Exactly as they stand, give the records below again, with no images.

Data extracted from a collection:
————————
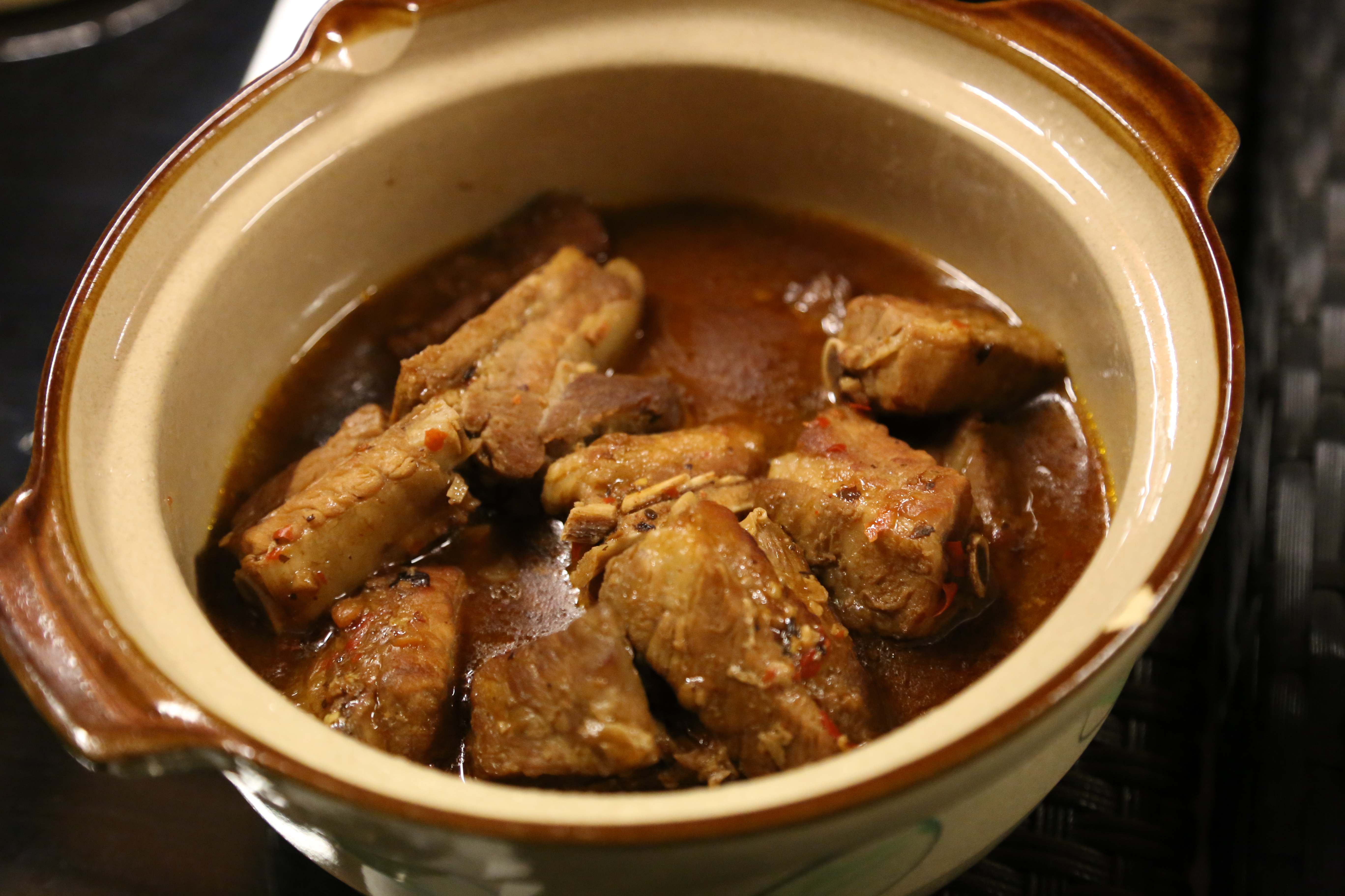 we also had a very good spicy bean sauce pork prime ribs dish made by my domestic helper. she had mostly perfected the wonderful dish. 🙂
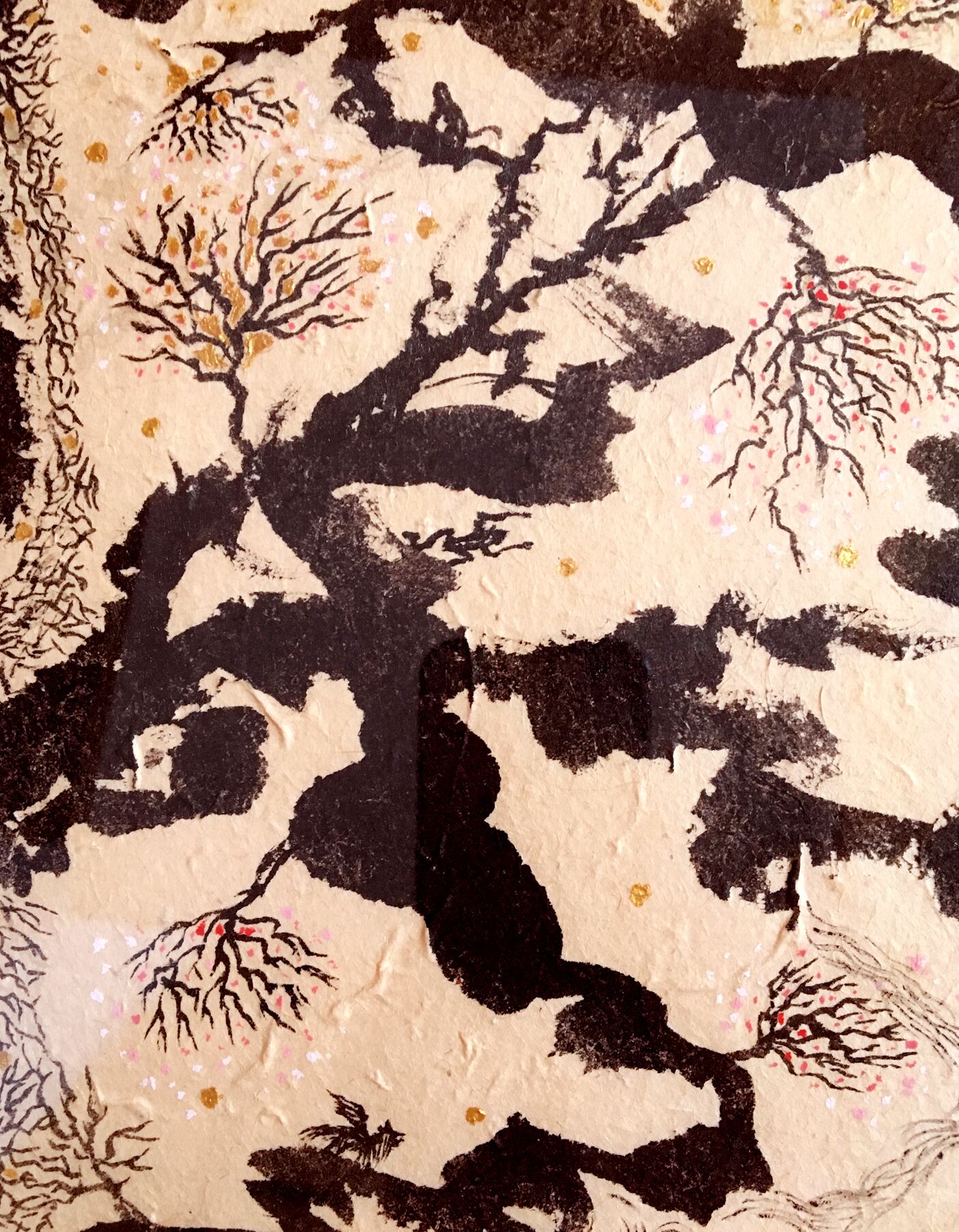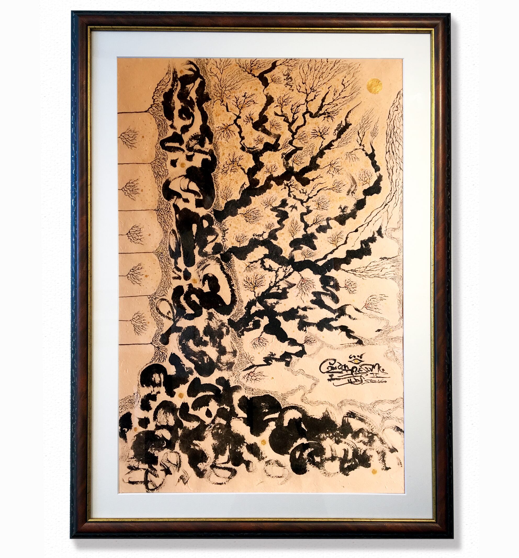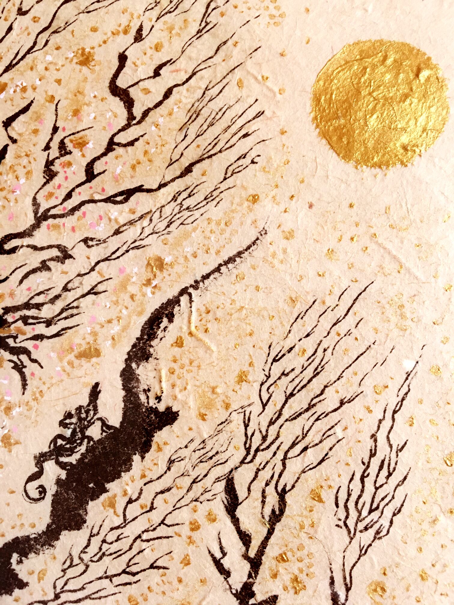 ◆ネパールの手すき紙・墨・アクリル金。1点ものです。
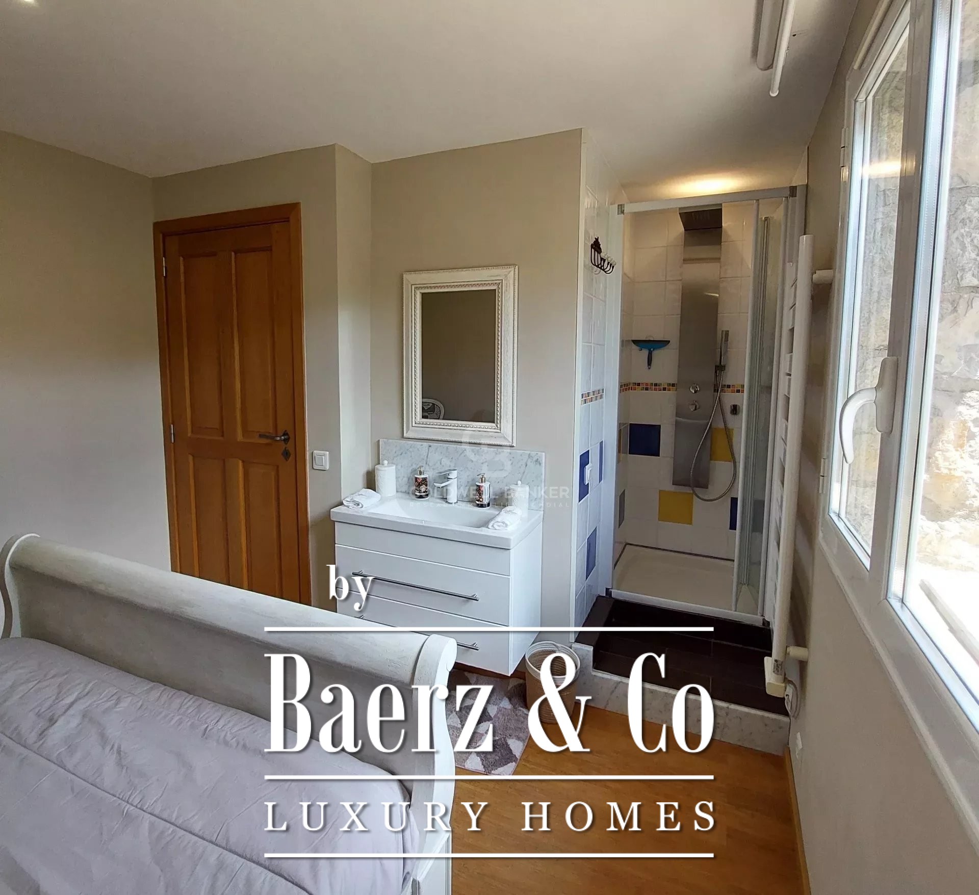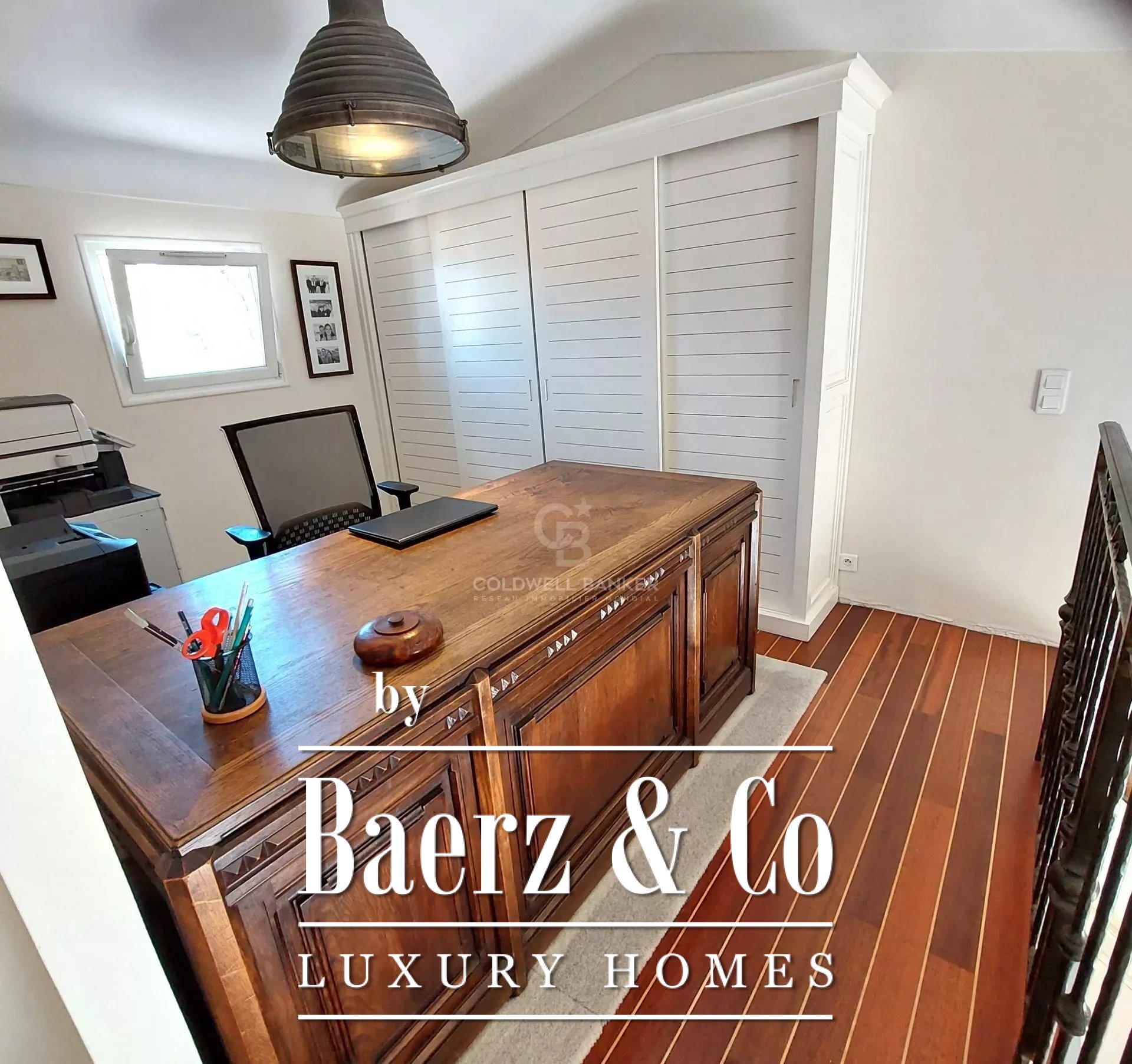 Inside, the ground floor unfolds with a dining room centered by a fireplace with integrated Godin stove, a fully equipped kitchen, and two bedrooms, including one en suite. Solid oak doors, double glazing, and insulated white aluminum sliding windows underpin the quality of finishes. A further bedroom with rooftop terrace is accessed from the first-floor mezzanine study, while a private, air-conditioned 42 m² apartment on the garden level offers distinct independence with living, kitchen, bedroom, cabin space, and terrace, adaptable for rental or guest use.
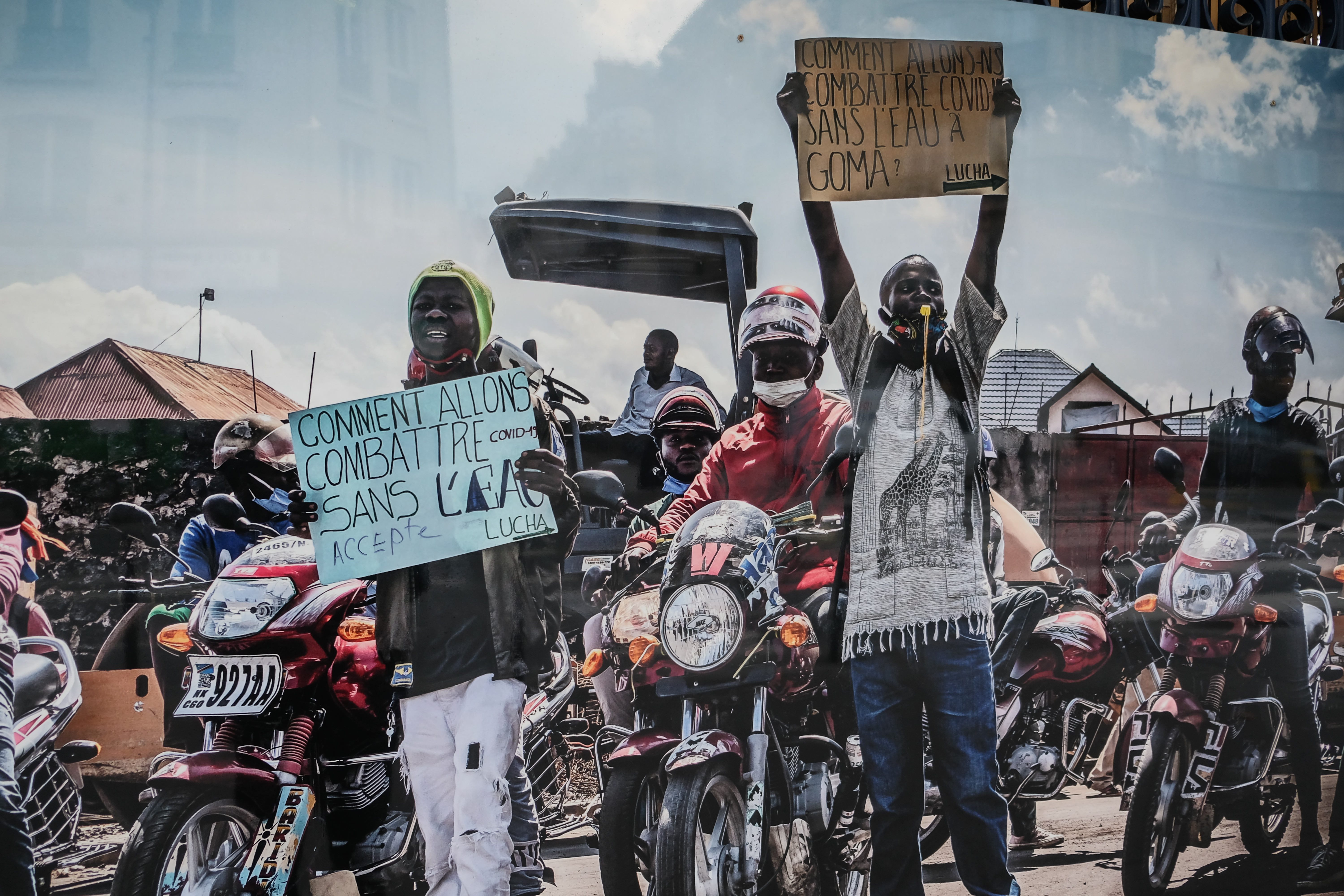 « Comment allons-nous combattre le Covid sans eau » disent les pancartes de ces manifestants de Goma. Photo de Pamela Tulizo.
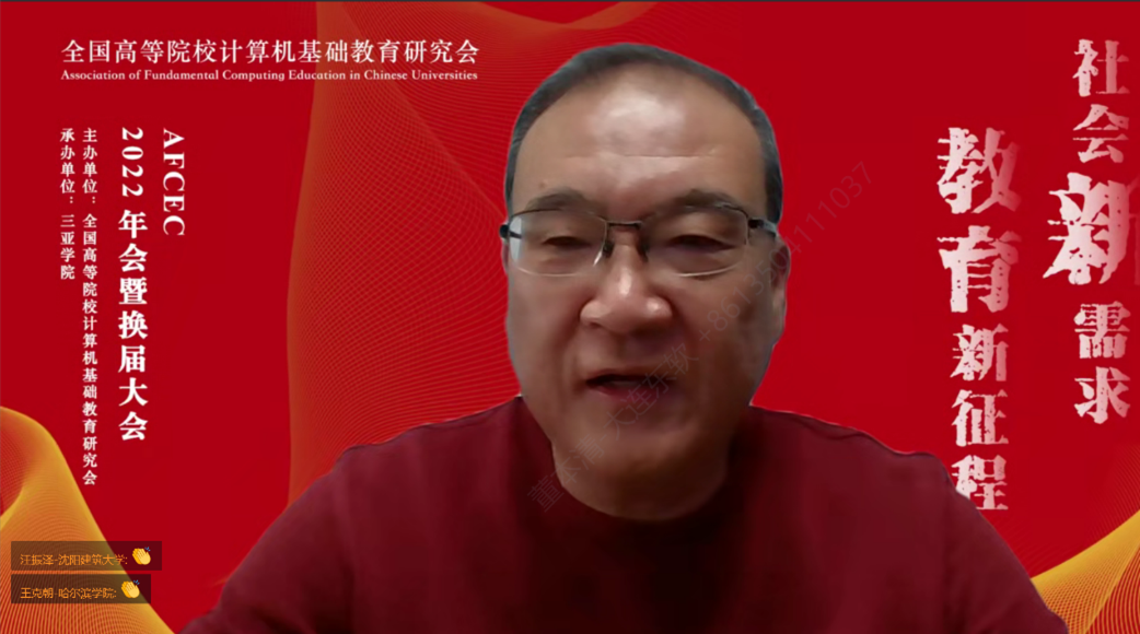 第一时间,黄心渊代表全国高等院校计算机基础教学研究会第九届理事会向大会作工作报告,他指出,全国高等院校计算机基础教学研究会应全面贯彻落实二十大报告所提出的新使命新任务,努力建设教育、科技、人才“三位一体”格局,有助于更高水平教育对外开放,加快推进教育数字化。
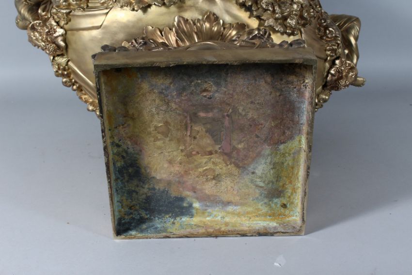 A SUPERB LARGE CLASSIC GILT BRONZE CENTREPIECE, mounted with classical figures, garlands and leopard head, on claw feet with square base.
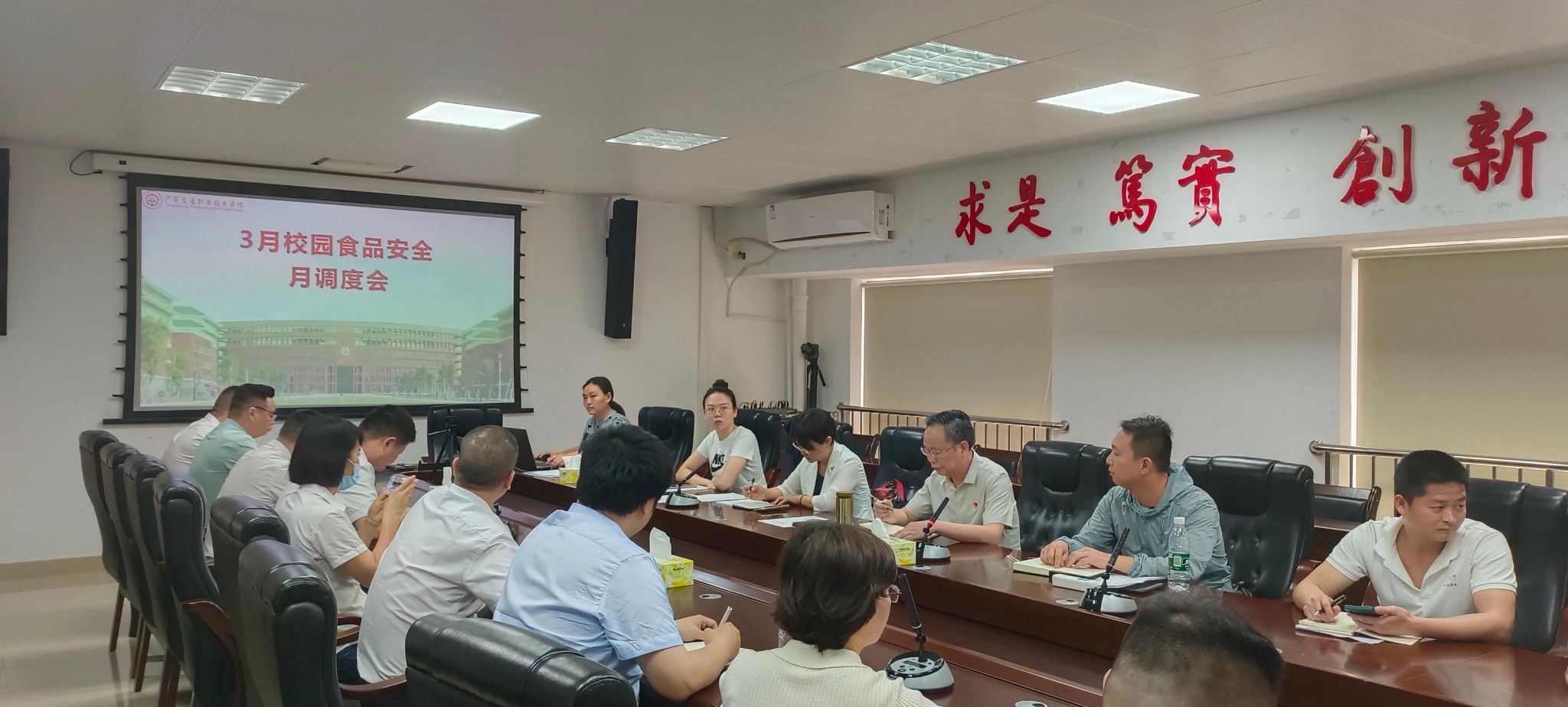 当日上午召开了食品安全月调度会,学院副院长邱文祥、总务后勤部副部长朱惠玲、食品安全总监田鑫、食品安全管理员以及各校区食堂食安总监、现场经理等出席了会议。
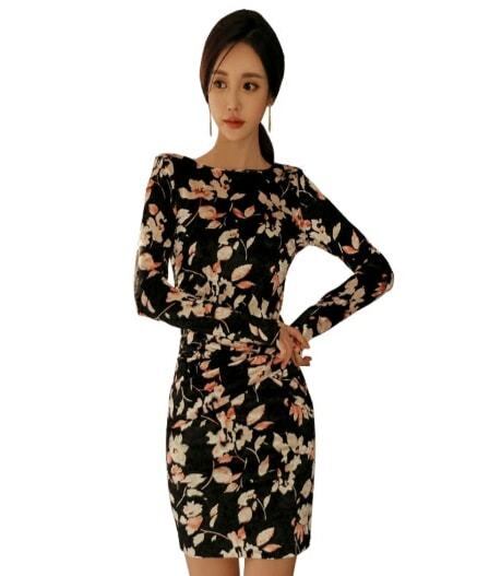 秋冬大活躍♪ 上品なフラワーワンピース お呼ばれ 女子会 デート 結婚式二次会 2018年新作 D40022
————————
> Solution to the problem:
 we also had a very good spicy bean sauce pork prime ribs dish made by my domestic helper. she had mostly perfected the wonderful dish. 🙂
 ◆ネパールの手すき紙・墨・アクリル金。1点ものです。
 Inside, the ground floor unfolds with a dining room centered by a fireplace with integrated Godin stove, a fully equipped kitchen, and two bedrooms, including one en suite. Solid oak doors, double glazing, and insulated white aluminum sliding windows underpin the quality of finishes. A further bedroom with rooftop terrace is accessed from the first-floor mezzanine study, while a private, air-conditioned 42 m² apartment on the garden level offers distinct independence with living, kitchen, bedroom, cabin space, and terrace, adaptable for rental or guest use.
 « Comment allons-nous combattre le Covid sans eau » disent les pancartes de ces manifestants de Goma. Photo de Pamela Tulizo.
 第一时间,黄心渊代表全国高等院校计算机基础教学研究会第九届理事会向大会作工作报告,他指出,全国高等院校计算机基础教学研究会应全面贯彻落实二十大报告所提出的新使命新任务,努力建设教育、科技、人才“三位一体”格局,有助于更高水平教育对外开放,加快推进教育数字化。
 A SUPERB LARGE CLASSIC GILT BRONZE CENTREPIECE, mounted with classical figures, garlands and leopard head, on claw feet with square base.
 当日上午召开了食品安全月调度会,学院副院长邱文祥、总务后勤部副部长朱惠玲、食品安全总监田鑫、食品安全管理员以及各校区食堂食安总监、现场经理等出席了会议。
 秋冬大活躍♪ 上品なフラワーワンピース お呼ばれ 女子会 デート 結婚式二次会 2018年新作 D40022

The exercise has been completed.